→ Work to be completed: Extract only the lines running from the top of the entries to the line that holds "vintage truckGMCwatercolorautomotive artrusticvehicleclassic". Include that line and omit the pictures.

→ Record excerpts:
################
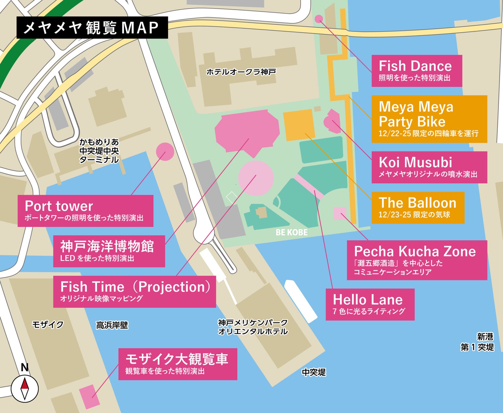 「メヤメヤ」とは、100年後に「メヤメヤ」という言葉が意味を持つことを願って、メリケンパークの頭文字「メ」と「夜=ヤ」でつくった造語です。冬の夜に神戸ウォーターフロントエリアに現れる世界を表現し”もやもや”する新しい感情のはじまりに光をあて、自分のなかにある「なにか」を探しに出かける航海の入り口です。
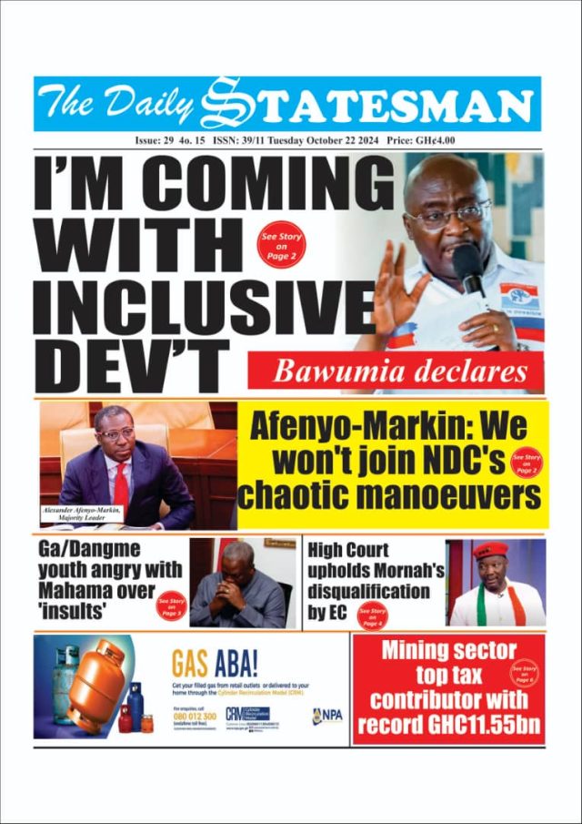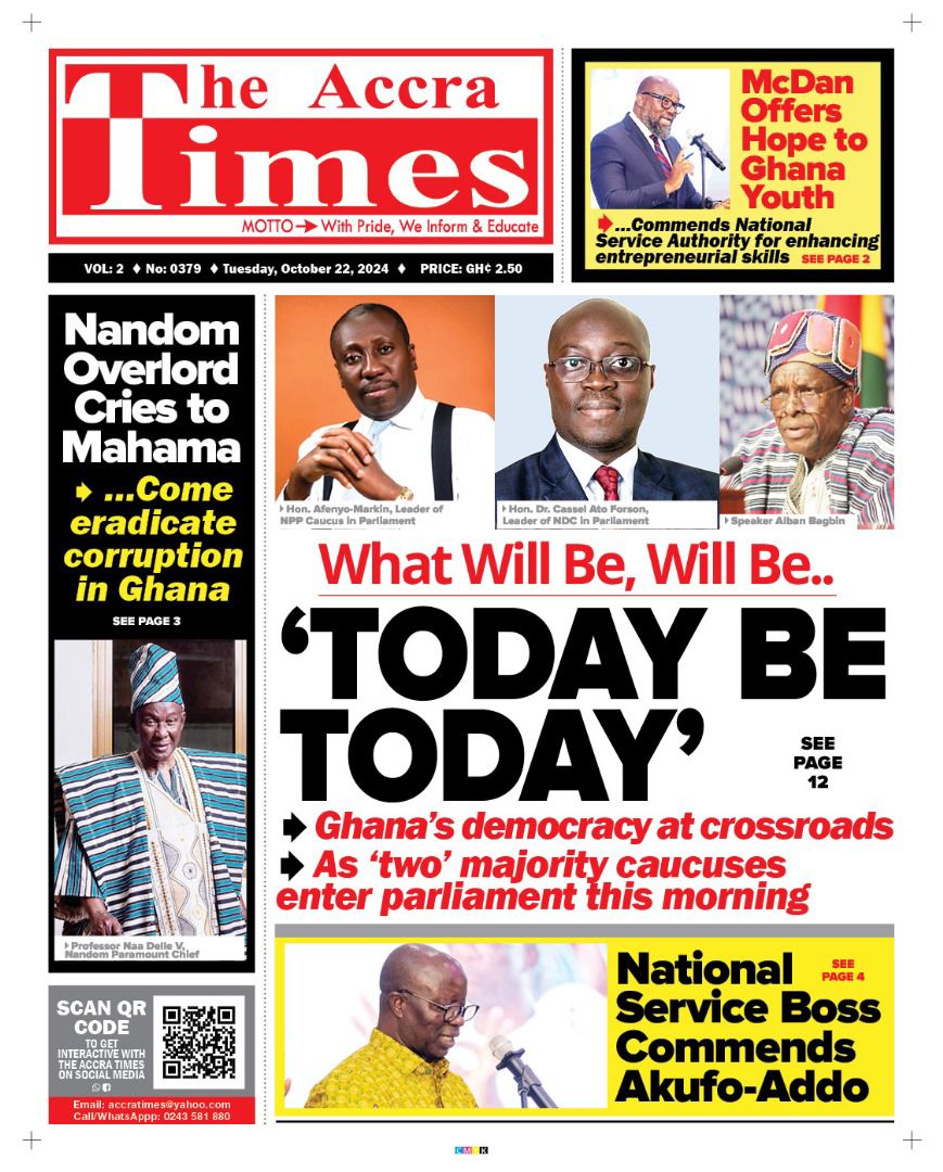 Newspaper headlines: Tuesday, October 22, 2024 Newspaper Headlines October 22, 2024 7:30 am - Audio By Carbonatix FacebookWhatsAppTwitterTelegramEmailPinterestPrint Previous articleZambian President sacks top judges who ruled in favour of his rivalNext articleThree illegal miners remanded TagsNewspaper headlines RELATED ARTICLES News Four arraigned over importation of cannabis concealed in gift box Nigeria Nigeria’s richest man Dangote escalates oil fight with regulator, seeks corruption probe Local News Otumfuo chastises Bono Regional Minister for using his political position to meddle in Sampa chieftaincy affairs
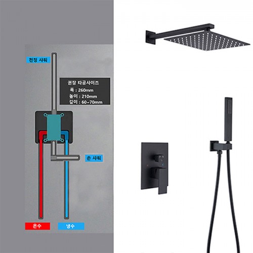 ST-2048B 사각 무광 블랙 벽매립형 매립식 샤워기 샤워수전 매립박스 시공
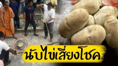 ให้มาแล้ว 2 งวดติด ชาวบ้านนับพันแห่ขอโชค ต้นสะเดาทอง ชูให้เห็นชัดมีเลข 9
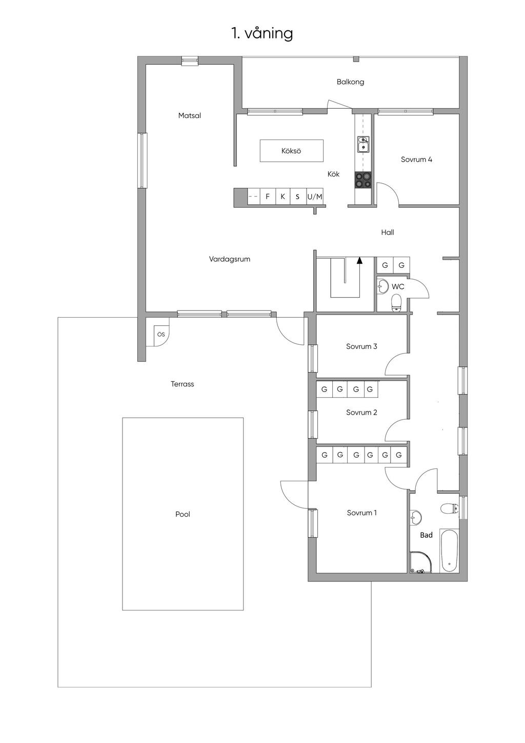 Stor 60-talare med privat tomt med pool och öppenspis vid terrassen
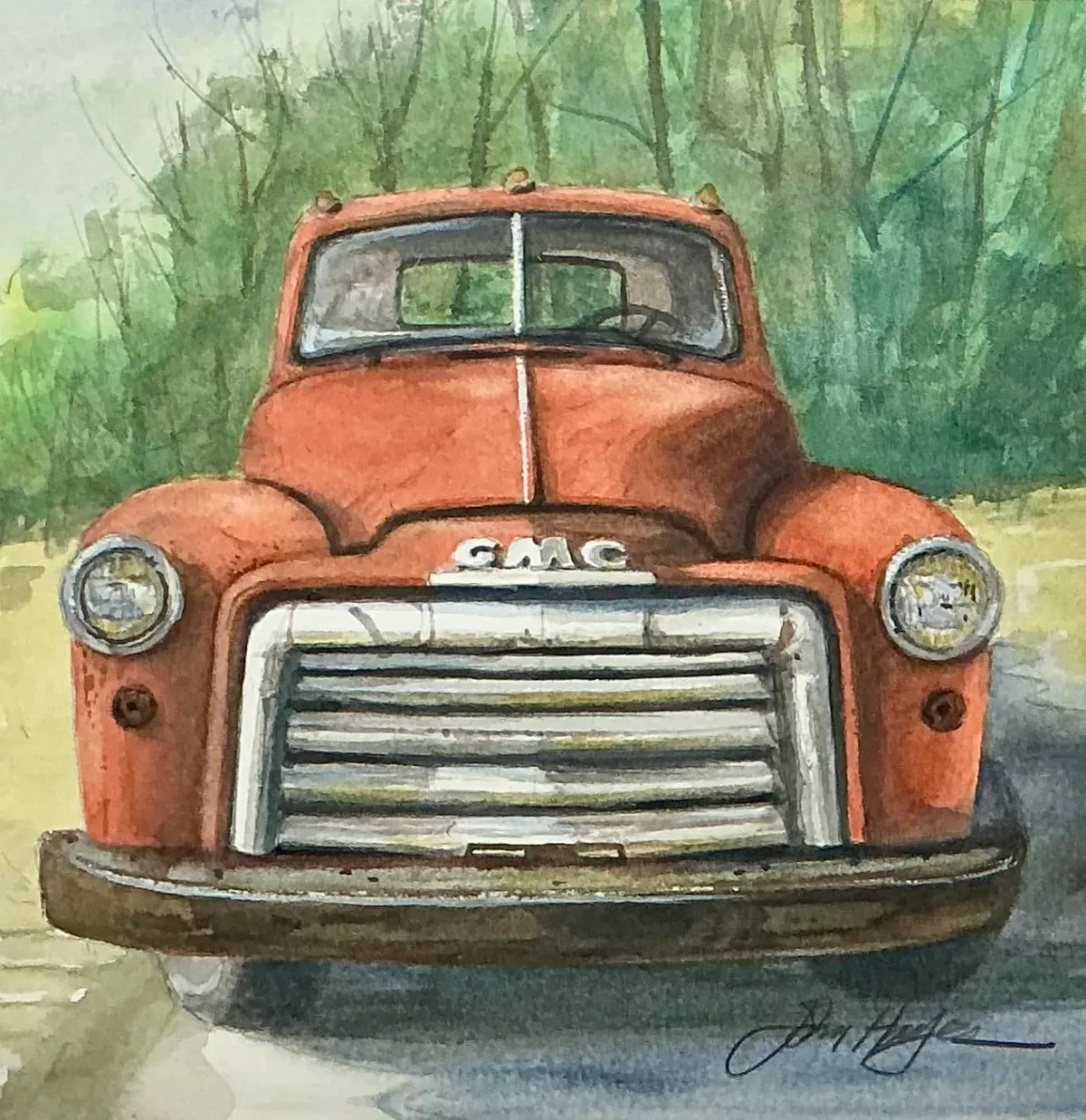 vintage truckGMCwatercolorautomotive artrusticvehicleclassic carRealismStorytelling / NarrativeLight / SereneStill Life / ObjectsLandscape / NatureHistorical / Cultural
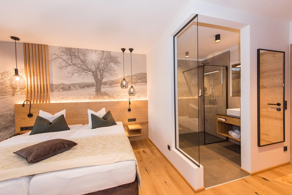 Aufhübschen. Entstanden ist ein charmant chices familiengeführtes Vier-Sterne-Hotel in privilegierter Lage. Eine Lage, die sich als Ausgangspunkt für Wanderungen bestens eignet. Aber auch Bikern das Herz und den Puls höherschlagen lässt.
################
→ Finished task:
 「メヤメヤ」とは、100年後に「メヤメヤ」という言葉が意味を持つことを願って、メリケンパークの頭文字「メ」と「夜=ヤ」でつくった造語です。冬の夜に神戸ウォーターフロントエリアに現れる世界を表現し”もやもや”する新しい感情のはじまりに光をあて、自分のなかにある「なにか」を探しに出かける航海の入り口です。
 Newspaper headlines: Tuesday, October 22, 2024 Newspaper Headlines October 22, 2024 7:30 am - Audio By Carbonatix FacebookWhatsAppTwitterTelegramEmailPinterestPrint Previous articleZambian President sacks top judges who ruled in favour of his rivalNext articleThree illegal miners remanded TagsNewspaper headlines RELATED ARTICLES News Four arraigned over importation of cannabis concealed in gift box Nigeria Nigeria’s richest man Dangote escalates oil fight with regulator, seeks corruption probe Local News Otumfuo chastises Bono Regional Minister for using his political position to meddle in Sampa chieftaincy affairs
 ST-2048B 사각 무광 블랙 벽매립형 매립식 샤워기 샤워수전 매립박스 시공
 ให้มาแล้ว 2 งวดติด ชาวบ้านนับพันแห่ขอโชค ต้นสะเดาทอง ชูให้เห็นชัดมีเลข 9
 Stor 60-talare med privat tomt med pool och öppenspis vid terrassen
 vintage truckGMCwatercolorautomotive artrusticvehicleclassic carRealismStorytelling / NarrativeLight / SereneStill Life / ObjectsLandscape / NatureHistorical / Cultural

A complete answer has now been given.